Fenoterol is a short-acting β_{2} agonist that also stimulates β_{1} receptors. Fenoterol has more cardiovascular toxicity than isoprenaline or salbutamol. Fenoterol was widely used in New Zealand in the late 1970s and the 1980s until it was removed from the New Zealand drug tariff in 1989 because its introduction and widespread use was associated with an epidemic of asthma deaths. A series of case-control studies demonstrated that asthmatics using fenoterol were more likely to die of asthma compared with controls treated with alternative beta agonists; this risk of asthma deaths was particularly high in severe asthmatics. The mortality rate declined following withdrawal of fenoterol without evidence supporting an alternative explanation for the abrupt rise and fall in asthma deaths. Data did not support confounding by severity as the explanation for the excess mortality.

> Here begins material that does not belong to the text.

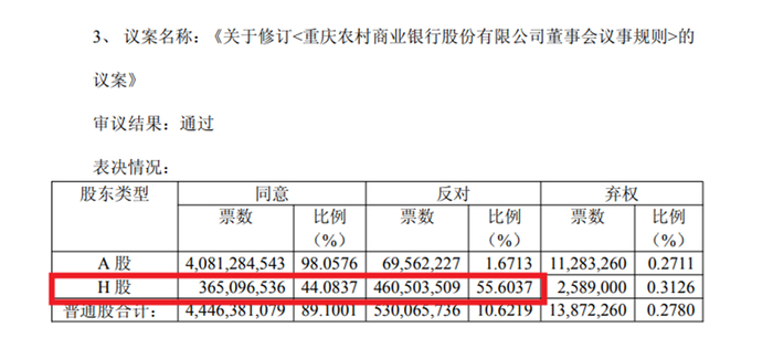 一样是议事规则,关于修订股东会议事规则,渝农商行H股股东并没有什么反对的声音,同意的比例为99.9886%。可见该行H股股东并不是赌气式投票,关键的分歧出现在修改章程以及董事会议事规则上。

There are alternative short-acting beta agonists that have not been associated with increased mortality (e.g. salbutamol [albuterol]).

== Stereoisomers ==
5-(1-Hydroxy-2-{[2-(4-hydroxyphenyl)-1-methylethyl]amino}ethyl)benzene-1,3-diol is a molecule with two different stereogenic centers. Thus, four stereoisomers may exist, the (R,R)-, (R,S)-, (S,R)- and (S,S)-stereoisomers (see the figure below). Fenoterol is a racemate of the (R,R)- and the (S,S)-enantiomers. This racemate is 9 to 20 times more effective, as compared to the racemate of the (R,S)- and (S,R)-enantiomers.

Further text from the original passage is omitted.